By any measure of prevailing “taste,” Tim Burton’s Alice In Wonderland appears to have been widely disliked — except, presumably, by more than a billion dollars worth of global ticket buyers, and thus Disney shareholders, who weren’t about to let such trifles as critical opinion get in the way of a belated sequel. Yet where the rote Wonderland was at least sprinkled with moments of Burton’s distinctive personality, replacement director James Bobin’s gruesomely bland Through the Looking Glass both compounds the flaws of its predecessor and offers precisely none of the residual weirdness. It’s actually a surprise this isn’t a straight-to-video Disney sequel.
Things pick up more or less where they left off, with Alice Kinglseigh (Mia Wasikowska) taking charge of her late father’s business and freighted, as far as these films go, with an appealing sense of agency. In a brief, 1874-set prologue, we find Alice a few years older, captain of her father’s ship, and decked out — in a sweet little subversive touch from costume designer Colleen Atwood — in the regalia of a traditional Disney prince. Alice and her mother are battling her ex-fiancé and his cabal of drawing room twits, who want to swindle the womens’ livelihoods and notch one up for the patriarchy, when Alice finds herself fleeing again into escapism — or, in the movie’s one genuinely exuberant flight of fancy, the looking glass through which she tumbles into a painted blue-sky freefall. Alan Rickman appears fleetingly here as the voice of the now-airborne Absolem, and the film is dedicated to the late actor in what unfortunately passes for the very definition of “dubious honour.”
Once again this is all an in-name-only rip-off of Lewis Carroll, even more so than Wonderland, which at least tried to approach the source from a fresh, vaguely connected angle. Looking Glass has next to nothing in common with Carroll’s book, and instead aggressively pushes its own feeble imagination in lieu of the author’s sublime absurdity. Once Alice lands in Wonderland — sorry, Underland, whatever — the film’s true mission, and its depressing imaginative rot, takes hold and never lets go. Looking Glass repeats Wonderland’s narrative sin by tasking its heroine within another boring quest, this time to help the Mad Hatter (Depp, truly phoning this one in) find his lost family — because he’s, you know, depressed. Ouch.

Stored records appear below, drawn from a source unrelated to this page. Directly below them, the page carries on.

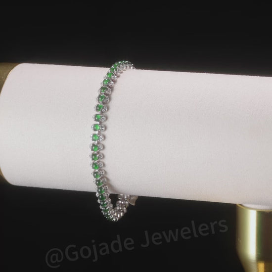 The Green jadeiet Bracelet S925 Silver With Burma Natural jade with Certificate
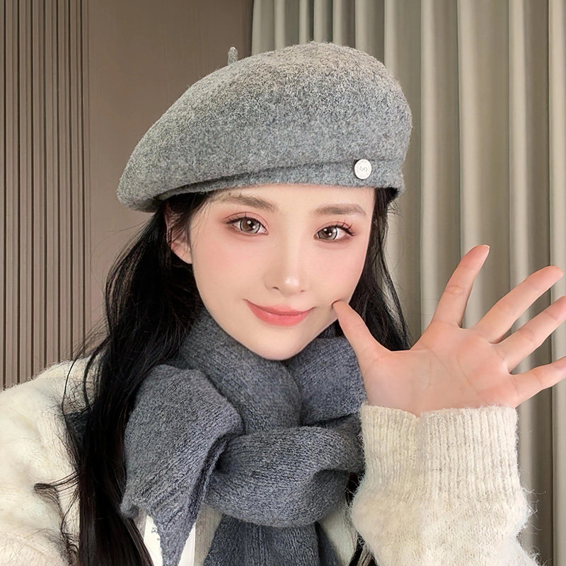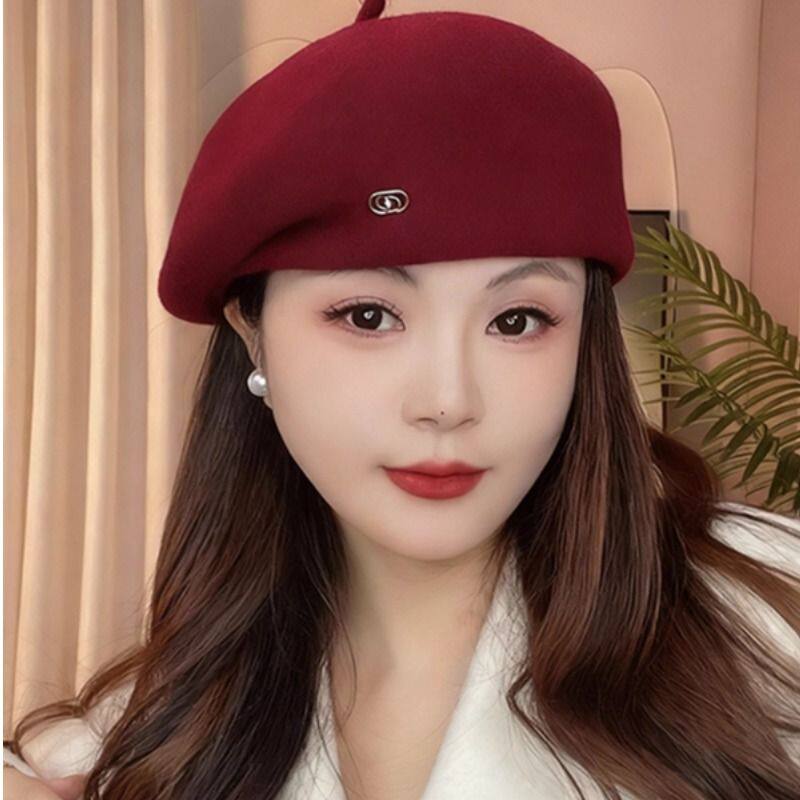 韩版气质保暖贝雷帽子女秋冬季羊毛呢时尚定型显脸小画家帽蓓蕾帽
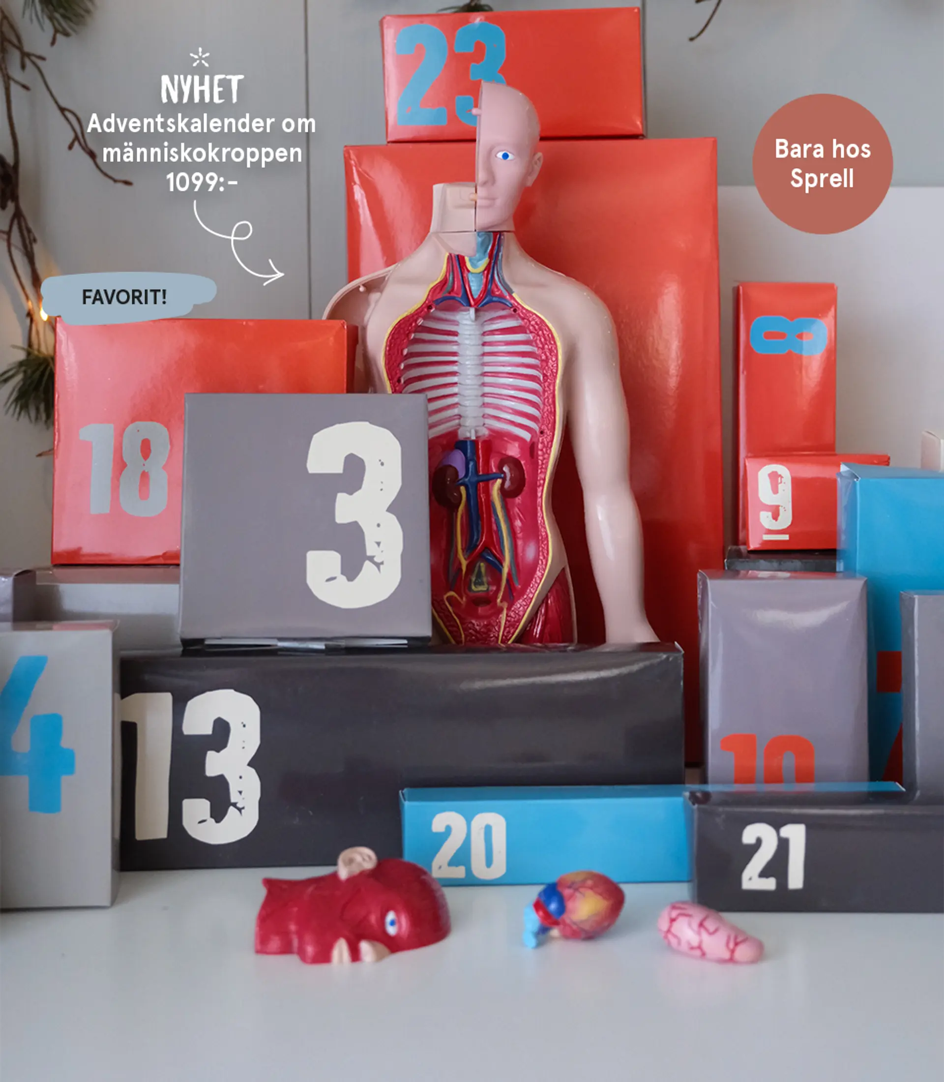 I den här kalendern lär du dig coola och nyttiga fakta om vår kropp och testar roliga experiment – bland annat att göra en fis!
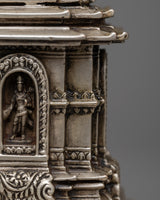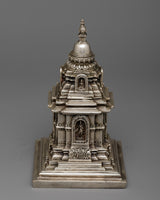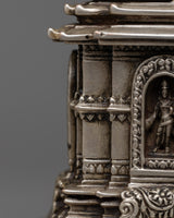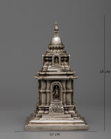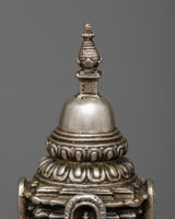 This stupa, enhanced by a delicate electro silver plating, is a striking complement to any spiritual setting because of its beauty and grace. Measuring 18 centimeters, it is a profound emblem of inner serenity and enlightenment that encourages introspection. The Buddha Relic Stupa is an everlasting reminder of the profound teachings of the Buddha and the path towards enlightenment, whether it is exhibited in your house, place of meditation, or shrine.

Worse, Alice’s search for the Hatter’s parents requires that she literally turn back time, allowing the film to conveniently resurrect all of its old characters — which means the return of Helena Bonham Carter’s shrieking Red Queen, and a bunch of jobbing English actors voicing flavourless animal avatars (Crispin Glover, the patron saint of sitting out sequels, cameos as a corpse, no doubt with his lawyers on standby.) Alice’s requisite time travel device, a kind of cool orb called the Chronosphere, is held by Time himself, who’s played by Sacha Baron Cohen in a vertiginous headpiece, KISS shoulder pads and a woefully non-committal accent. Alas, unlike Bowie’s great cabaret personification of temporal existence, he never once falls wanking to the floor. It’s just the kind of scene this movie could have done with.
As the new player and chief sort-of villain, Baron Cohen was the remaining chance this movie had left to stir up some life, but his performance barely registers (between this and Hugo, has any comedic star ever displayed a greater ineptitude at playing children’s fantasy?) With Depp on autopilot and the otherwise talented Waskikowska again saddled with the dull job of detective, it’s up to Bonham Carter to keep the film’s flagging energy up, bellowing through a rival sister subplot with Anne Hathaway’s White Queen that’s been blatantly conceived for the Frozen crowd.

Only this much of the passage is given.